If necessary and appropriate, we will liaise with them for you. Our pastoral leaders and other individuals in our congregation commit to having an up to date knowledge of Homeless Services across our city and issues which may affect you so that you will receive a consistent, fair and honest response. However, we recognise there are limitations to the help we can give. Our community consists of all kinds of people, some of whom have their own vulnerabilities but we seek to equip our whole congregation so that they will be understanding and supportive.
We aim to offer a safe environment for all.
All staff, volunteers and members of our community of faith and all who visit and use our church premises (including those who are homeless) can expect to be treated with respect and to be safe from harm so that we can offer a welcoming and friendly environment, free from violence, aggression, bullying and fear. We will report aggression, violence, anti-social and criminal behaviour and damage to our property to the police. Drugs are not to be used or dealt on our premises, neither is begging. We work to the Safeguarding Policy of the Church in Wales.
We will support you financially through donations to homeless charities and other projects in our city.

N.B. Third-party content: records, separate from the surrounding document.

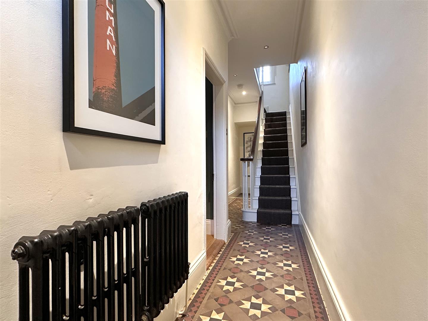 The first floor enjoys a generous hallway, with retained Minton tiled flooring. A LOVELY BAY-FRONTED LOUNGE with Italian Marble fireplace. A separate reception room/ fourth bedroom and a STUNNING MODERN SHOWER ROOM.
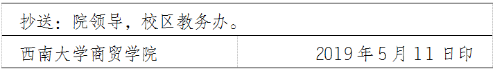 (五)6月13日,公示无异议后,教学秘书填写《西南大学2019届普通本科毕(结)业、授位学生名册封面》和《西南大学2019届普通本科毕(结)业、授位学生审核名册》、《西南大学2019届普通本科毕(结)业、授位学生统计表》《西南大学普通本科毕(结)业、授予学士学位审核责任承诺报告书》一并报教务处成绩与学籍科复核。
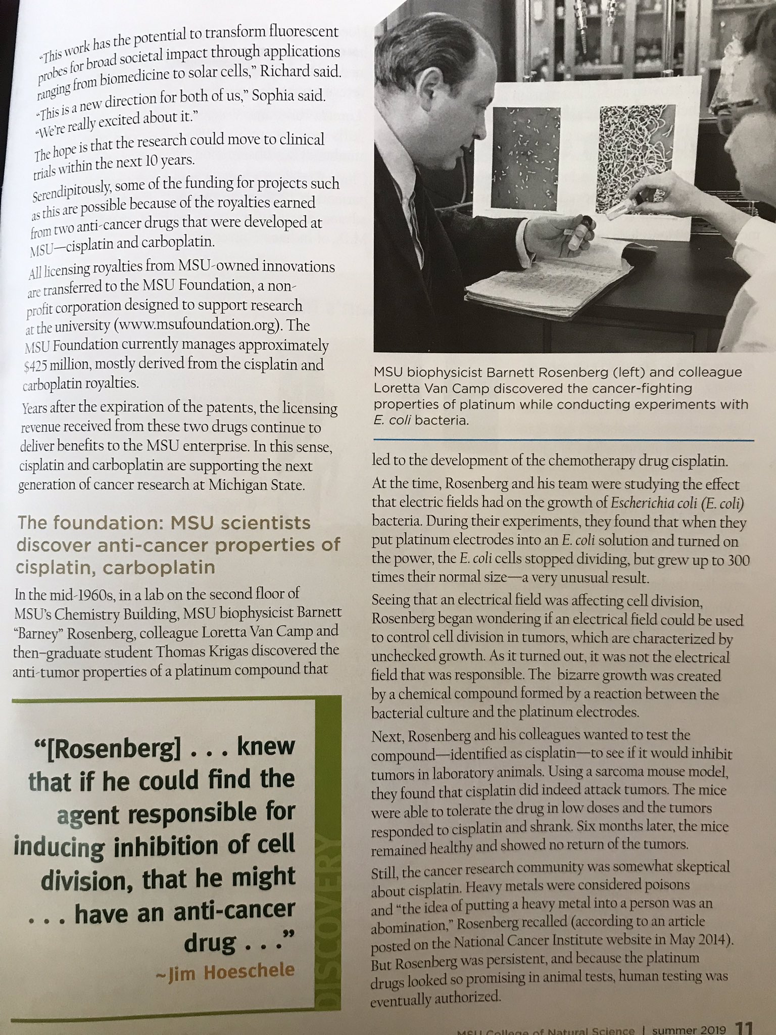 方舟子@fangshimin·Aug 11史上最成功的化疗药之一顺铂(治疗睾丸癌的成功率超过95%)是密歇根州立大学研究人员无意中发现的,专利已过期,但用其专利费建立的基金会还在支持着本校癌症研究,不过到现在还没能研究出同样成功的药物。https://pbs.twimg.com/media/EBufnvMVAAAa-tV?format=jpg&name=4096x4096

We are unable to give you money or pay for services directly. We value and will promote the work of those charities and organisations, and are committed to supporting them regularly and in appropriate ways.
We have a concern for your physical, spiritual and emotional needs.

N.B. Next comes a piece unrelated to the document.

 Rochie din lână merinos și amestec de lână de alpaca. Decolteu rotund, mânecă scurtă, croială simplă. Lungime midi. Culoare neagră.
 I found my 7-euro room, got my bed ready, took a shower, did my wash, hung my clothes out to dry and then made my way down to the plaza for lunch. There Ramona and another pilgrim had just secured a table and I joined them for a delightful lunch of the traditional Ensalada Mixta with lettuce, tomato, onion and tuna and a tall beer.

Each church has different resources available to them in terms of being able to provide food. However, we recognise that some external projects which offer food also provide parallel services which can help you even further. We can guide you to these services and to the abundance of free food available across Cardiff but we will always attempt to help you at your point of need. We are unable to provide accommodation. On occasions when people are rough sleeping on our premises, we will assess the risk to both you and others, and explore with you the possibilities available by liaising with various services and authorities.
We will be actively involved in Housing Justice and issues which affect those who are homeless.

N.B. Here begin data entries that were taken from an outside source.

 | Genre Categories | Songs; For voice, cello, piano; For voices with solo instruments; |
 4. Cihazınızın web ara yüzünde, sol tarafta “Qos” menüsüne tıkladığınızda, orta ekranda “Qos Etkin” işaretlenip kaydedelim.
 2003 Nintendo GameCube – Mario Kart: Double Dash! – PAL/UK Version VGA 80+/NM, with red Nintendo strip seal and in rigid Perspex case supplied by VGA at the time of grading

This also means being informed about the issues which lead to homelessness, and the experiences of those who are homeless.
Homelessness Sunday
Why not join us on Sunday 8th with celebrations across the Ministry Area?
St Paul’s Church, Grangetown at 8am and 1030am
St Dyfrig and St Samson’s Church, Grangetown at 9.15am
St Saviour’s Church, Splott at 9.30am
St Mary’s Church, Butetown at 11am
On Sunday 15th, our Guest Preacher at St Mary’s at 11am is John Stark, chaplain to the Salvation Army’s Ty Gobaith
This charter sets out how, as a whole church community, we will respond to, welcome, care for and support those who are homeless across the churches of South Cardiff Ministry Area, as well as how we will respond to the situation of homelessness and Housing Justice. Adopted on Homelessness Sunday, October 8, 2023. We willcontinue to review and adapt as appropriate.